The idea I would like to express is that by fixing $a$ and $b$, I will get a unique trajectory $y(t)$. Can I say that there exists a map $M$ such that the trajectory $y(t)$ is $$y(t) = M(a,b)?$$ If not, how can I express the idea in proper math terms?

Answer 1

Depending on what you are doing with these polynomials, there are a number of ways that you could think about them. Depending on how you think about them, you might adopt different notation. A non-exhaustive list of possibilities follows:

• One possibility is that you might be interested in some kind of algebraic structure. In that case, what you are "really" doing is associating a quadratic polynomial to a point in $\mathbb{R}^2$. If this is the kind of structure that you are trying to emphasize, then you might define $$ M: \mathbb{R}^2 \to \mathbb{R}[t] : (a,b) \mapsto at^2 + bt. $$ Here, $\mathbb{R}[t]$ denotes the ring of polynomials with real coefficients. Hence $M$ is a function which eats an ordered pair of parameters and spits out a polynomial. For example, $$M(3,-2) = 3t^2 - 2t. $$
• Another possibility is that you are not so much interested in the abstract polynomials with a "formal" symbol $t$, but that you are actually interested in the actual functions defined this way. Notationally, I suppose that we could write $$ M: \mathbb{R}^2 \to C(\mathbb{R}) : \varphi(a,b) \mapsto y_{a,b}, $$ where $y_{(a,b)}$ is the function defined by the formula $$ y_{a,b}(t) = at^2 + bt. $$ Here, $C(\mathbb{R})$ denotes the set of continuous functions on $\mathbb{R}$. You could replace this with some other target space (say, the space of locally integrable functions, or the space of smooth functions, or whatever). The point is that $M$ is a function which eats an ordered pair of real numbers, and spits out another function. You needn't necessarily carry the indexing around on the $y$ (though I think that Garmekain totally has the right idea on that); you could instead write $$ M(a,b) = (t \mapsto at^2 + bt). $$ In some environments, this might even be the "right" thing to do. For example, this is (more or less) how the software package Maple would handle this.
• If you don't really care about how the parameters are getting mapped from one space to another, you might simply consider the family of functions indexed by the parameters. Notationally, this can look basically identical to the above: here, we consider the family of functions $$ \{ y_{a,b}\}_{a,b\in\mathbb{R}}, $$ where $y_{a,b}$ is the function defined by $$ y_{a,b}(t) = at^2 + bt. $$ On some level, this is completely equivalent to the previous characterization (since an indexing of a set is really just a map from the index set to the set), but the emphasis here is on the actual objects (i.e. the functions $y_{a,b}$) rather than on the process which gives you those functions.

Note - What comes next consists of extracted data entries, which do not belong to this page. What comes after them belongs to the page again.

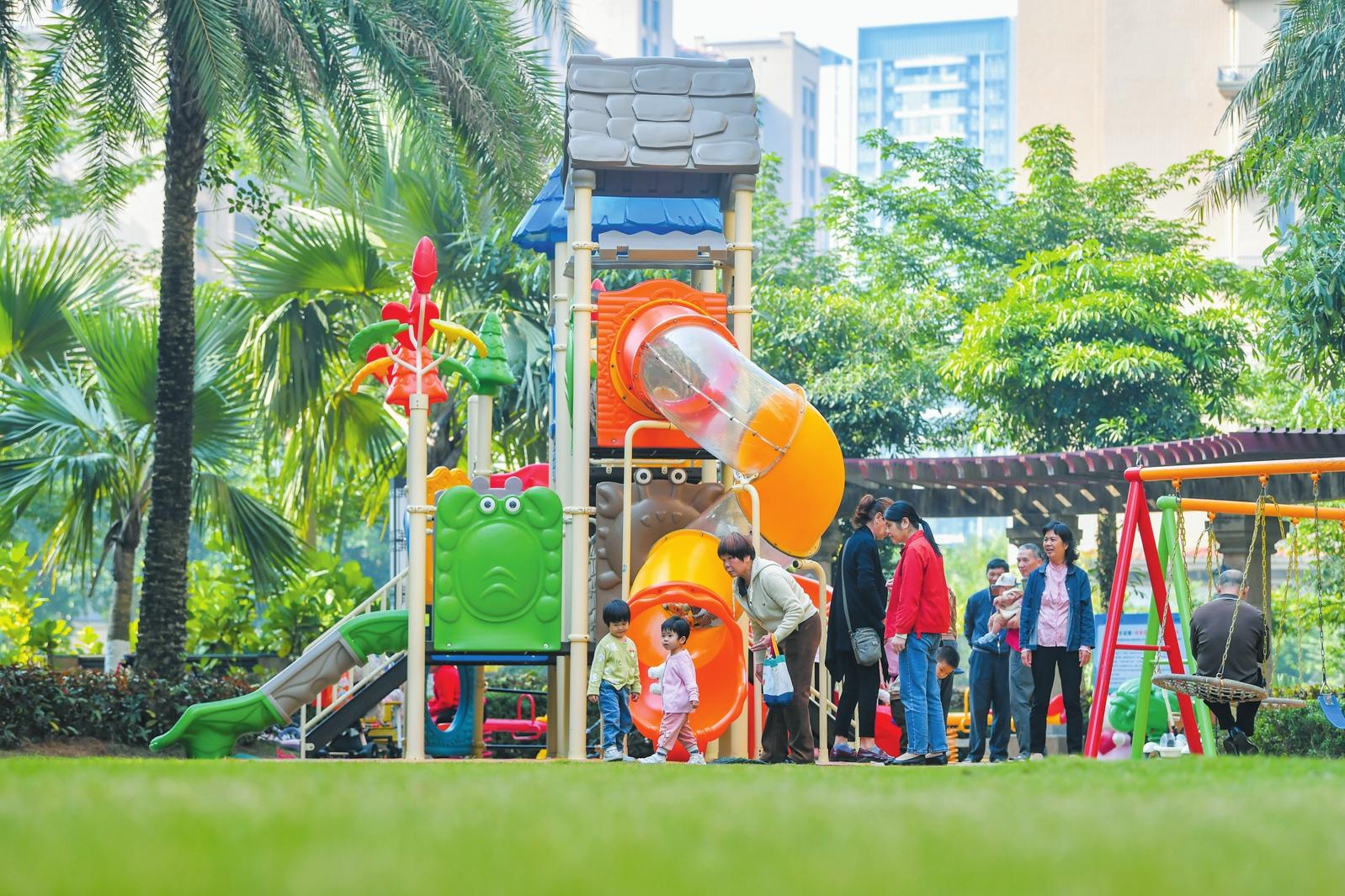 “注意腳下重心,膝蓋再彎一點!”2025年12月13日下午,在瓊山區(qū)佳元·椰風水韻小區(qū)的空地上,孩子們在練習輪滑;一旁的兒童游樂區(qū),老人們帶著孫輩游玩,歡笑聲不斷。這樣的幸福場景,已經(jīng)成為小區(qū)的日常。
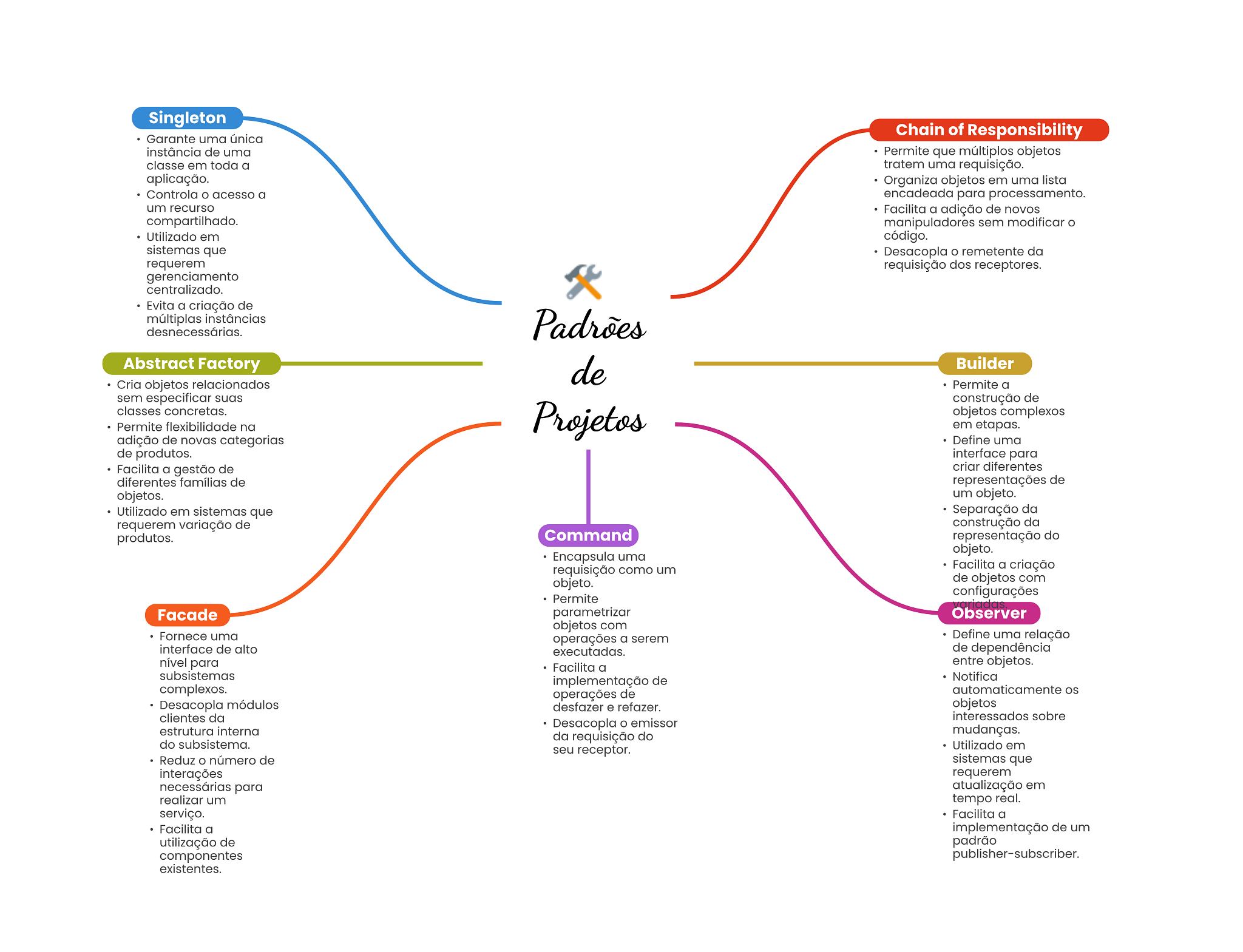 Singleton Garante uma única Chain of Responsibility instância de uma Permite que múltiplos objetos classe em toda a tratem uma requisição. aplicação. Organiza objetos em uma lista Controla acesso a encadeada para processamento. um recurso Facilita a adição de novos compartilhado. manipuladores sem modificar O Utilizado em código. sistemas que Desacopla O remetente da requerem requisição dos receptores. gerenciamento centralizado. Evita a criação de múltiplas instâncias desnecessárias. Padrões Abstract Factory de Builder Cria objetos relacionados Permite a sem especificar suas construção de classes concretas. Projetos objetos complexos Permite flexibilidade na em etapas. adição de novas categorias Define uma de produtos. interface para Facilita a gestão de criar diferentes diferentes famílias de representações de objetos. um objeto. Utilizado em sistemas que Separação da requerem variação de construção da produtos. Command representação do objeto. Encapsula uma requisição como um Facilita a criação objeto. de objetos com configurações Permite Facade parametrizar Observer objetos com Fornece uma operações a serem Define uma relação interface de alto executadas. de dependência nível para Facilita a entre objetos. subsistemas implementação de Notifica complexos. operações de automaticamente os Desacopla módulos desfazer e refazer. objetos clientes da interessados sobre Desacopla O emissor estrutura interna da requisição do mudanças. do subsistema. seu receptor. Utilizado em Reduz O número de sistemas que interações requerem necessárias para atualização em realizar um tempo real. serviço. Facilita a Facilita a implementação de um utilização de padrão componentes publisher-subscriber. existentes.
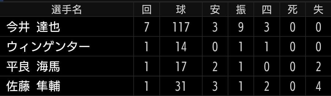ノーアウトでランナーを出しますが、今日は攻守共に散々な古賀悠選手が、この場面は盗塁を刺し切り抜けました。ウィンゲンター投手もその後は、いつも通り三振を奪う投球で抑えています。
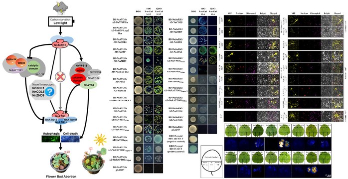 研究团队还发现了一条至关重要的信号调控途径,即NnSnRK1-NnATG1信号通路(图2),这一途径在荷花逆境下开花的调控中扮演着关键角色。通过对自噬相关基因(ATGs)的研究,团队发现NnSnRK1与NnATG1之间的相互作用,以及其他几种可能介导此信号调控网络的中间基因。研究发现通过阻断这条信号通路,即使在不利环境下,荷花也能更好地开花。这一发现不仅阐明了荷花应对不利生长环境的生物学机制,还展现了植物如何在能量节约和繁殖成功之间找到平衡。
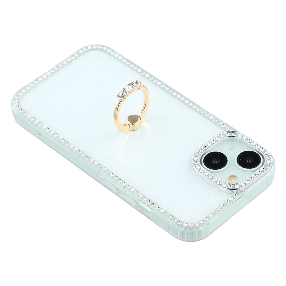 • For iPhone 14 / 13 Case with Ring Kickstand Rhinestone Edge TPU + PC IMD Phone Cover - Glitter Light Green

• Yet another possibility (which might arise in, for example, optimization problems) is to consider a function of three variables, i.e. $$ M : \mathbb{R}^2 \times [0,\infty) \to \mathbb{R} : (a,b,t) \mapsto at^2 + bt. $$ I have chosen to assume that $t$ is nonnegative, as we often work in settings where $t = \text{time}$ is assumed to be nonnegative. This assumption is totally arbitrary, but makes sense from the point of view that $a$ and $b$ are some kind of initial condition (e.g. $a$ might be half of an initial acceleration, and $b$ might be an initial velocity).

  Given that your stated goal has something to do with observing changes in the function as the parameters are perturbed, this last notation might be the most reasonable. It allows you to easily discuss, for example, partial derivatives with resect to the parameters $a$ and $b$, while keeping $t$ fixed.

Answer 2

I would express it as:

Consider $$y(t)=at^2+bt$$ where $a,b$ are fixed elements.

Answer 3

You can just use $$y_{a,b}(t)=at^2+bt$$

This implies that $y$ is a function taking some $t\in T$ parametrized by $a$ and $b$, i.e. $a$ and $b$ are fixed.